╭──
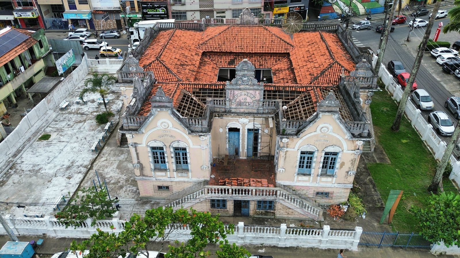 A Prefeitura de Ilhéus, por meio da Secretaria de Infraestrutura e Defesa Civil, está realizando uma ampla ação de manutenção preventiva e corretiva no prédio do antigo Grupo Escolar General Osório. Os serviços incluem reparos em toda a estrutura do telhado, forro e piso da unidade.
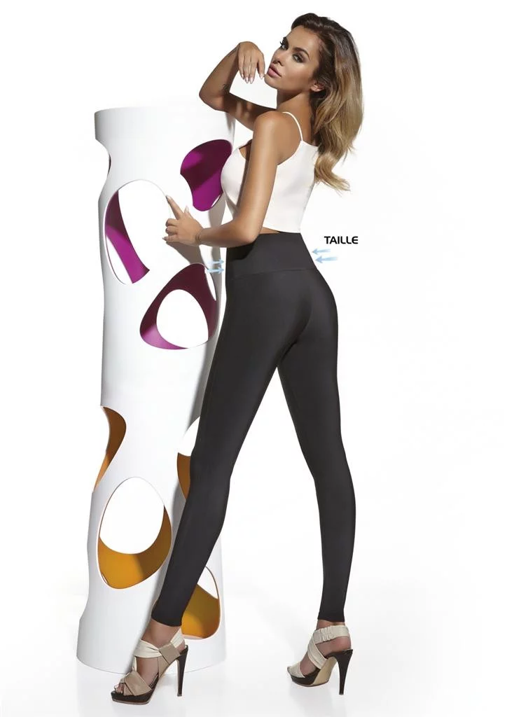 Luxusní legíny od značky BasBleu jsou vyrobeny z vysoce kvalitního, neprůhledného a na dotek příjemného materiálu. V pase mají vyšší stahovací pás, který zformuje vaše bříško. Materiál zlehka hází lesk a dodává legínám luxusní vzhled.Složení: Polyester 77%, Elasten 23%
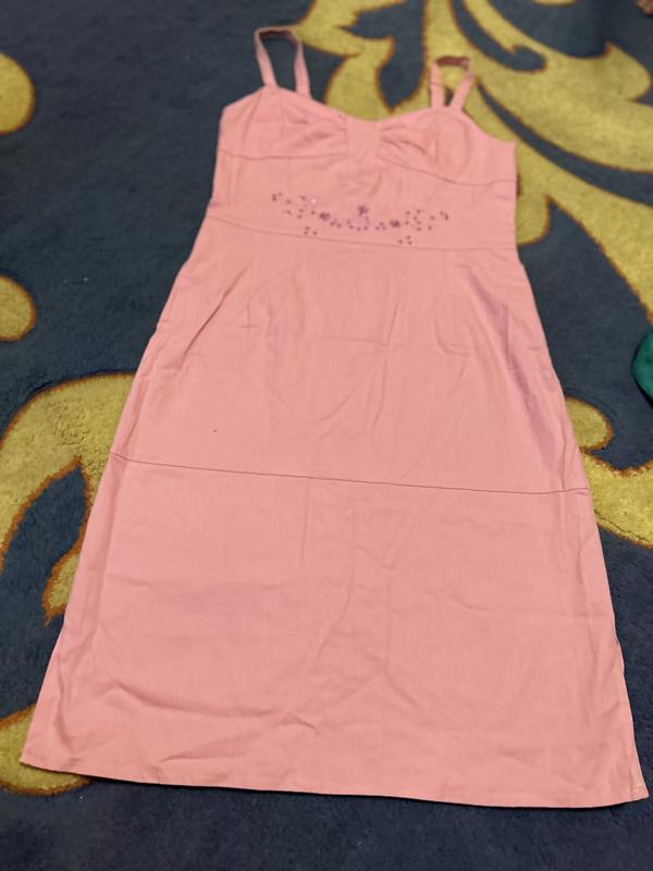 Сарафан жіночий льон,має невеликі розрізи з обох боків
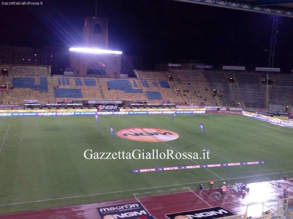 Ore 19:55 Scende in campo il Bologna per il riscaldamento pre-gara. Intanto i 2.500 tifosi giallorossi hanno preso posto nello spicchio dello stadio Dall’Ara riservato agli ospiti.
╰──
Once the pictures are set aside, give the rest of the material again unchanged.

 A Prefeitura de Ilhéus, por meio da Secretaria de Infraestrutura e Defesa Civil, está realizando uma ampla ação de manutenção preventiva e corretiva no prédio do antigo Grupo Escolar General Osório. Os serviços incluem reparos em toda a estrutura do telhado, forro e piso da unidade.
 Luxusní legíny od značky BasBleu jsou vyrobeny z vysoce kvalitního, neprůhledného a na dotek příjemného materiálu. V pase mají vyšší stahovací pás, který zformuje vaše bříško. Materiál zlehka hází lesk a dodává legínám luxusní vzhled.Složení: Polyester 77%, Elasten 23%
 Сарафан жіночий льон,має невеликі розрізи з обох боків
 Ore 19:55 Scende in campo il Bologna per il riscaldamento pre-gara. Intanto i 2.500 tifosi giallorossi hanno preso posto nello spicchio dello stadio Dall’Ara riservato agli ospiti.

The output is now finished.